-- Dataset entries --
--

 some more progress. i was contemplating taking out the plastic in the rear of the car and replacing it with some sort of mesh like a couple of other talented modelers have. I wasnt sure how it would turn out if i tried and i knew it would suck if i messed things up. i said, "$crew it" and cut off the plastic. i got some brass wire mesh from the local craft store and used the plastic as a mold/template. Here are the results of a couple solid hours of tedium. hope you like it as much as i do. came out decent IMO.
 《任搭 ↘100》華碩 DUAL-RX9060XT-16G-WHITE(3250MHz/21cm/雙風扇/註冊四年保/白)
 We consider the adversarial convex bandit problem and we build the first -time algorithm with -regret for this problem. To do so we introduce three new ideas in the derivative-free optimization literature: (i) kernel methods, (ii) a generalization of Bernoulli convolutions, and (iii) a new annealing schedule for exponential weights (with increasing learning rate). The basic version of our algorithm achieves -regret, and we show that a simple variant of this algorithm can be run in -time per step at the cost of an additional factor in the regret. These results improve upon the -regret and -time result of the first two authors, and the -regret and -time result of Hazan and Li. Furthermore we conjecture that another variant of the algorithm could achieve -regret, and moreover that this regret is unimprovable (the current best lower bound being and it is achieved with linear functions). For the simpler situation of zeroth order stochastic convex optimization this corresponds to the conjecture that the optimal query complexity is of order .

--

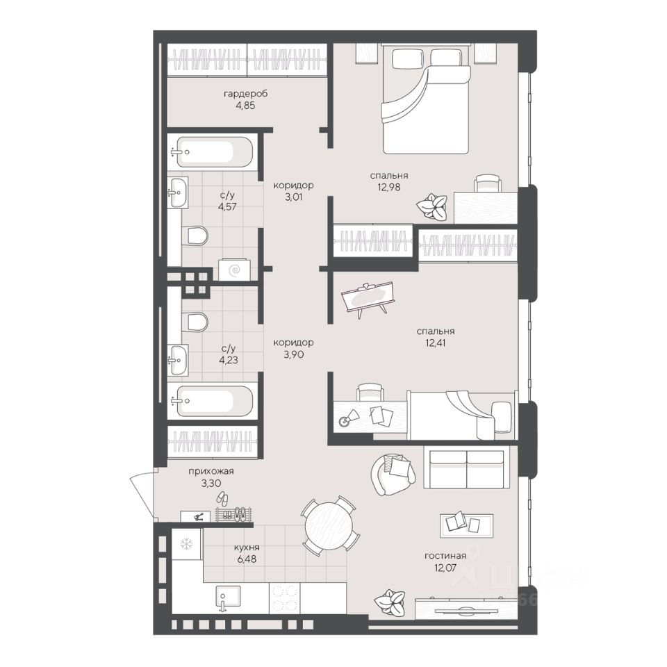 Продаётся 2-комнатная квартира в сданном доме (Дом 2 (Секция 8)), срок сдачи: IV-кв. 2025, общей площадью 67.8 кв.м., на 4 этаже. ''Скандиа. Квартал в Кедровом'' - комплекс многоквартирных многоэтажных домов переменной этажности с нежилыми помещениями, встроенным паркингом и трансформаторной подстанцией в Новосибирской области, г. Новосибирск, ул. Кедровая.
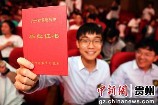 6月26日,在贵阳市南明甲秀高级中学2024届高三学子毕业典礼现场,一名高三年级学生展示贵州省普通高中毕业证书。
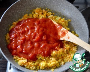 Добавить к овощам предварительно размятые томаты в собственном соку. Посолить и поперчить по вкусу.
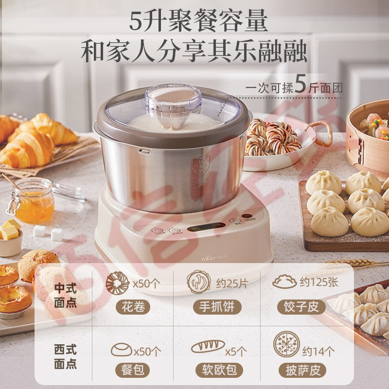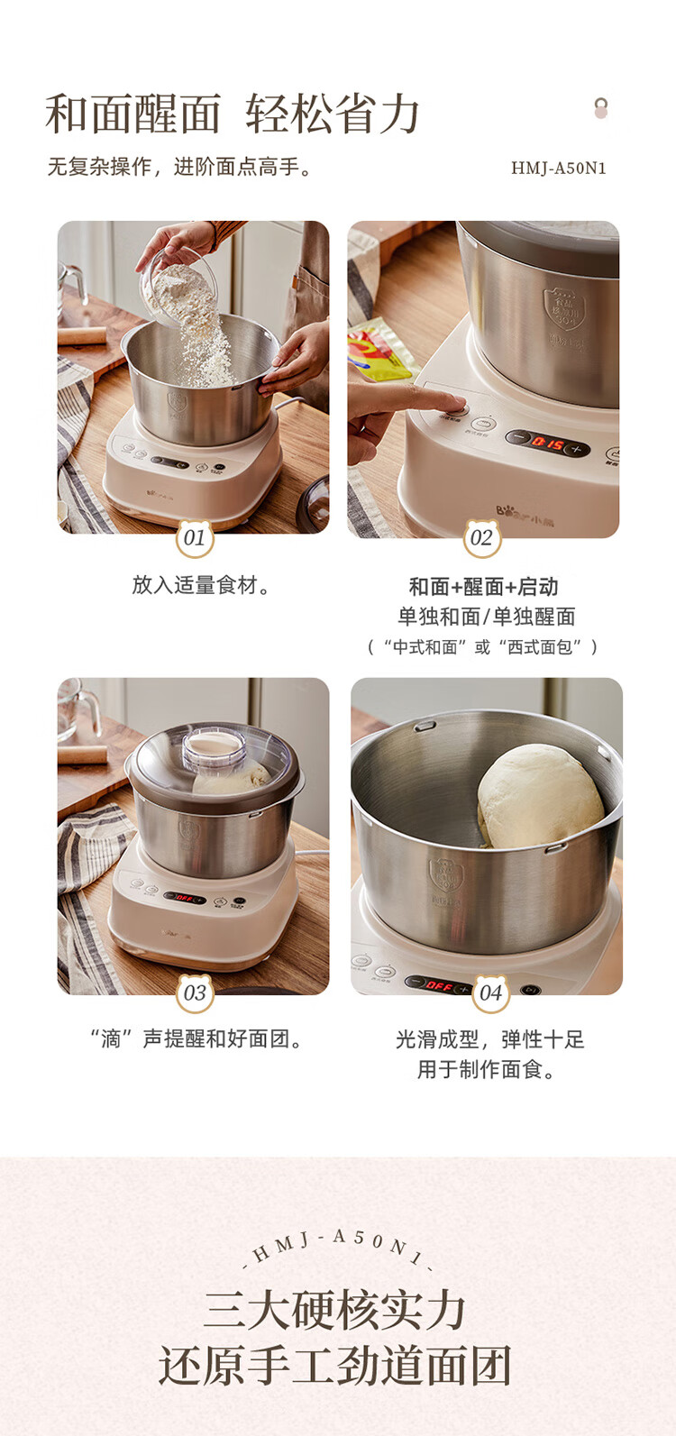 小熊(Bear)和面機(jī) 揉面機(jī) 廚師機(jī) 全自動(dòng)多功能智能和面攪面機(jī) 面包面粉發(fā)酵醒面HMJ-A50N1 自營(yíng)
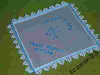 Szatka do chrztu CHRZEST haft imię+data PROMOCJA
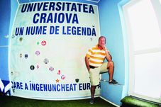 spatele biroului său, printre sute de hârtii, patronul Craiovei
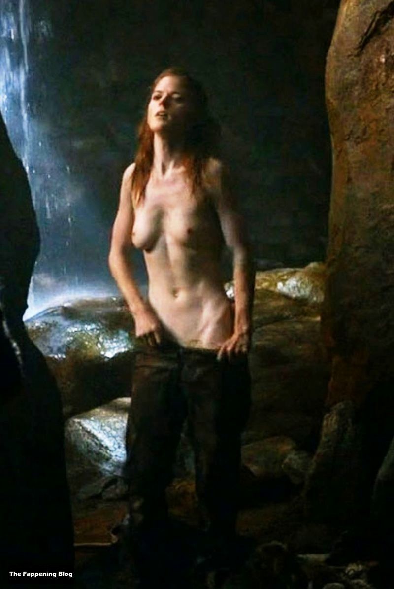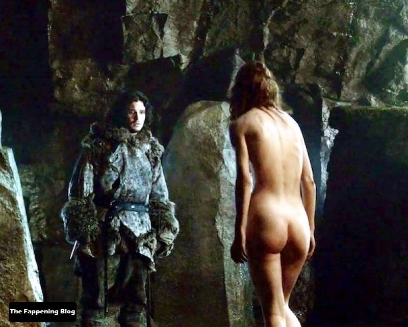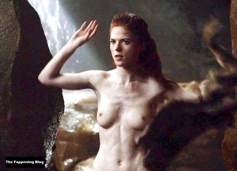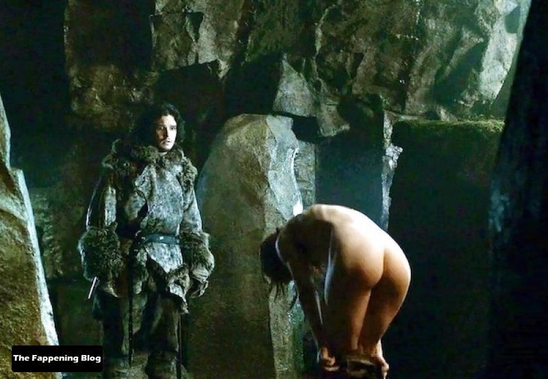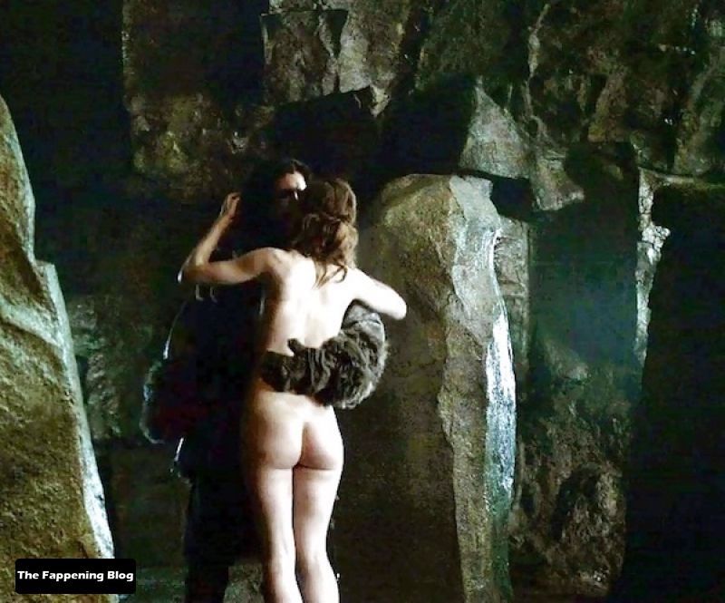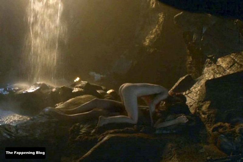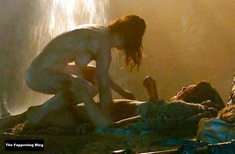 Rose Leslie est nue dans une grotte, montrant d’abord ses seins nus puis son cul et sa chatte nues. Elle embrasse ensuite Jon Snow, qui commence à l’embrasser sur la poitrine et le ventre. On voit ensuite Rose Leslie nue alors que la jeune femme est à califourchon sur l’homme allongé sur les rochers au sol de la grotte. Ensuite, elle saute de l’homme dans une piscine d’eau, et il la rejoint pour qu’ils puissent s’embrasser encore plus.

--

-- Your goal --
Write out again exactly the lines above from the one with "Добавить к овощам" through the one with "Rose Leslie est", adding no other lines and no pictures.

-- Response area --
 Добавить к овощам предварительно размятые томаты в собственном соку. Посолить и поперчить по вкусу.
 小熊(Bear)和面機(jī) 揉面機(jī) 廚師機(jī) 全自動(dòng)多功能智能和面攪面機(jī) 面包面粉發(fā)酵醒面HMJ-A50N1 自營(yíng)
 Szatka do chrztu CHRZEST haft imię+data PROMOCJA
 spatele biroului său, printre sute de hârtii, patronul Craiovei
 Rose Leslie est nue dans une grotte, montrant d’abord ses seins nus puis son cul et sa chatte nues. Elle embrasse ensuite Jon Snow, qui commence à l’embrasser sur la poitrine et le ventre. On voit ensuite Rose Leslie nue alors que la jeune femme est à califourchon sur l’homme allongé sur les rochers au sol de la grotte. Ensuite, elle saute de l’homme dans une piscine d’eau, et il la rejoint pour qu’ils puissent s’embrasser encore plus.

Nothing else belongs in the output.